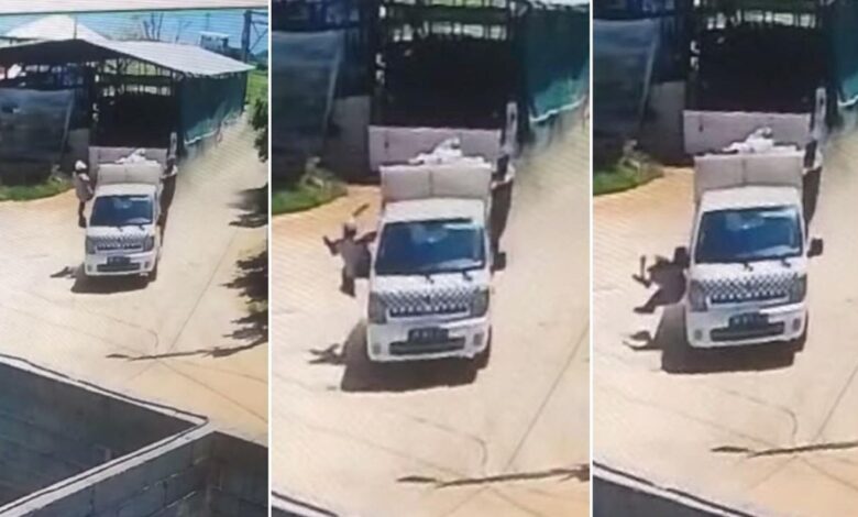 Olay anı ise çevrede bulunan güvenlik kamerasına yansıdı. Görüntülerde, aracın dönüş yaptığı sırada Hasan Dok’un dengesini kaybederek düştüğü anlar yer aldı.
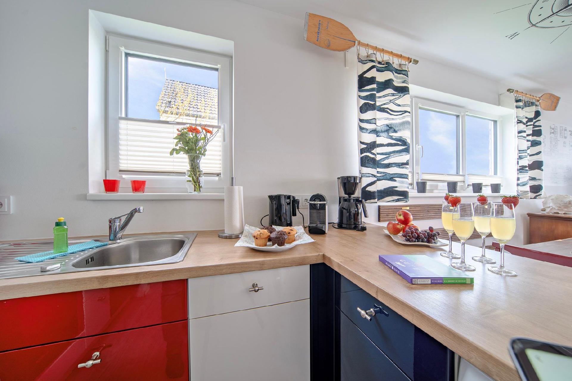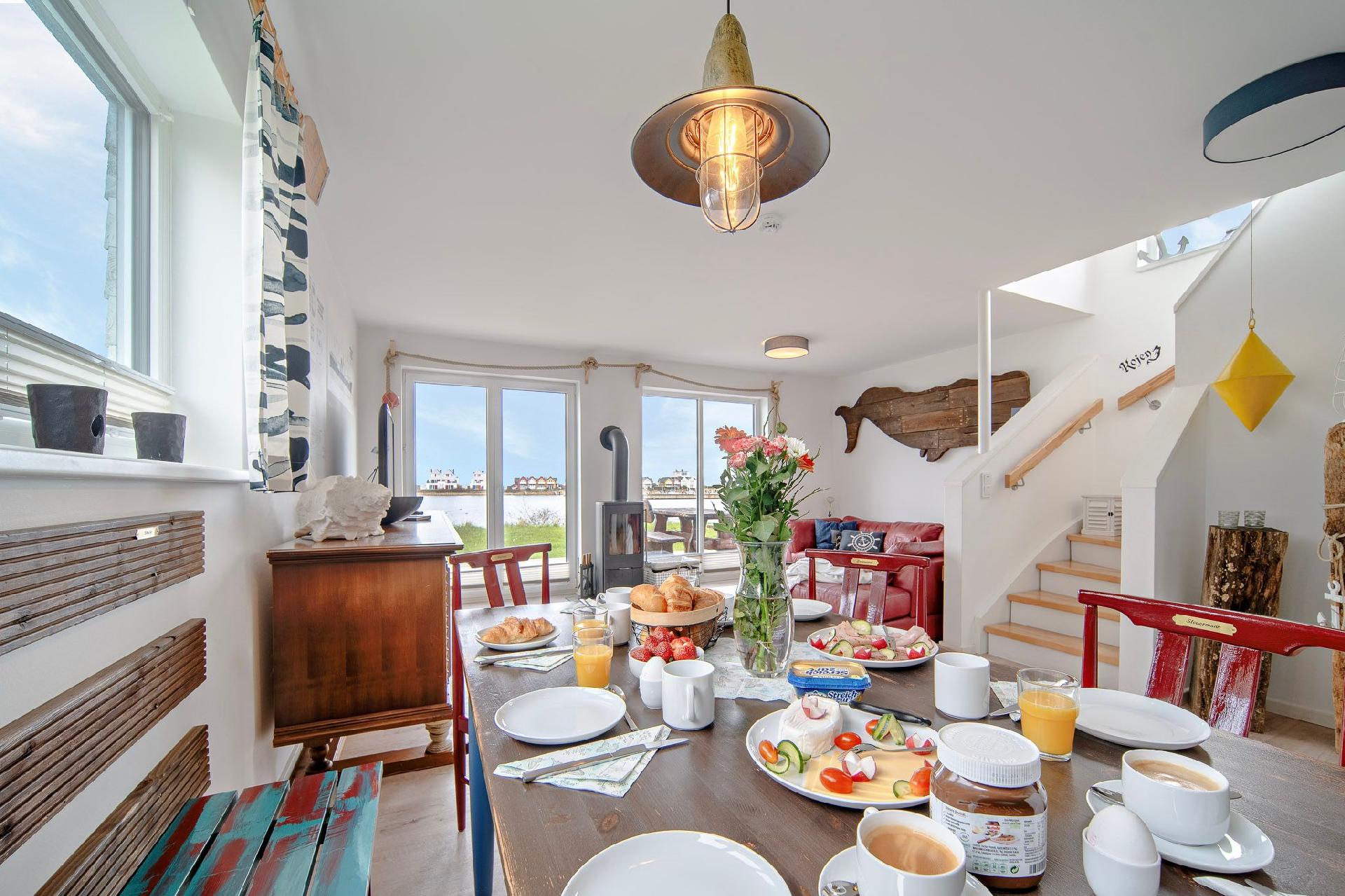 In der farbenfrohen und vollausgestatteten Küche können Sie gemeinsam mit Ihren Liebsten köstliche Mahlzeiten zubereiten und dabei den Blick auf das Wasser genießen. Lassen Sie sich von der inspirierenden Umgebung zu kulinarischen Kreationen hinreisen und verbringen Sie genussvolle Stunden am Esszimmertisch.
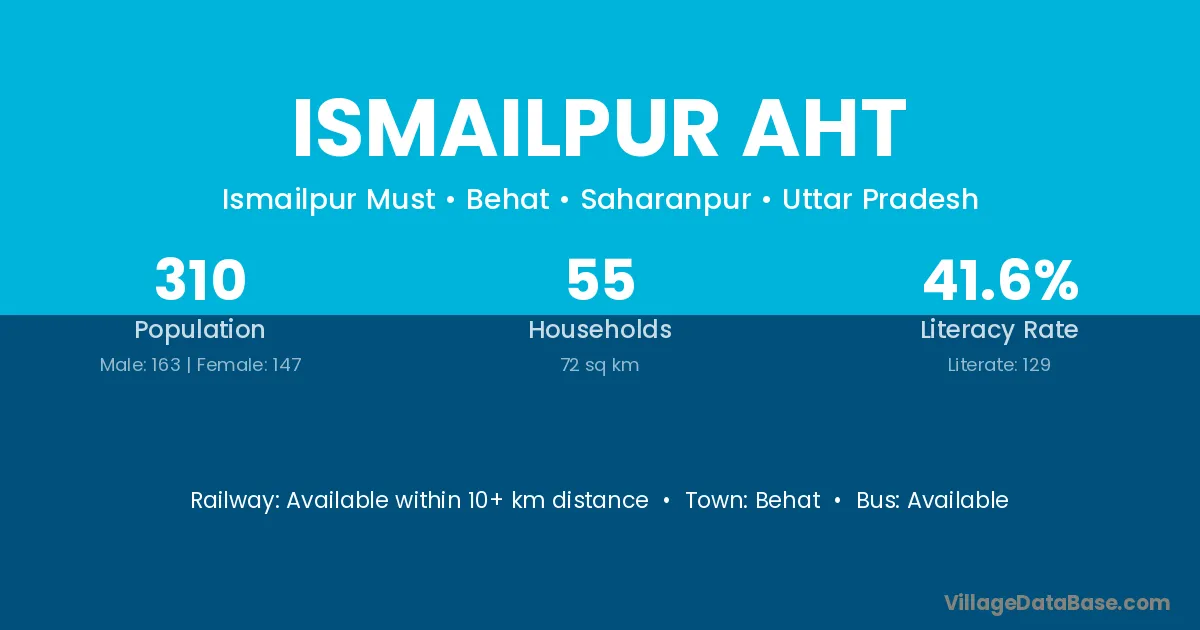 Ismailpur Aht village has a total population of 310 people, of which 163 are males and 147 are females.
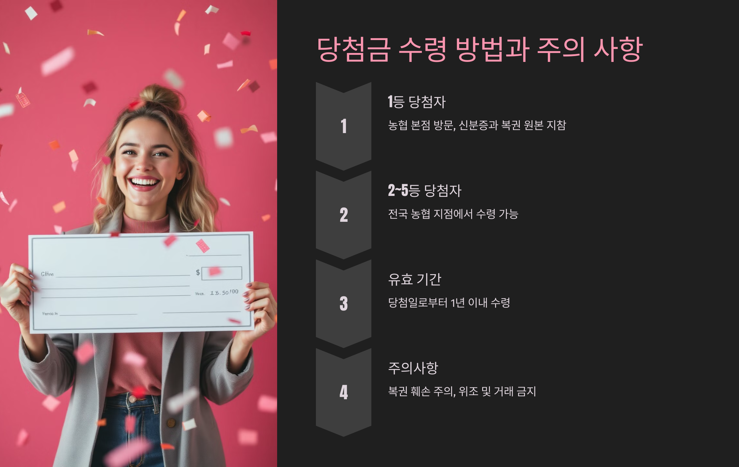 - 유효 기간: 당첨일로부터 1년 이내에 수령해야 하며, 기한이 지나면 당첨금이 무효 처리됩니다.

* Work to be completed:
Without the pictures, transcribe exactly the lines above from the one containing "Ismailpur Aht village" through the last.

* Answer below:
 Ismailpur Aht village has a total population of 310 people, of which 163 are males and 147 are females.
 - 유효 기간: 당첨일로부터 1년 이내에 수령해야 하며, 기한이 지나면 당첨금이 무효 처리됩니다.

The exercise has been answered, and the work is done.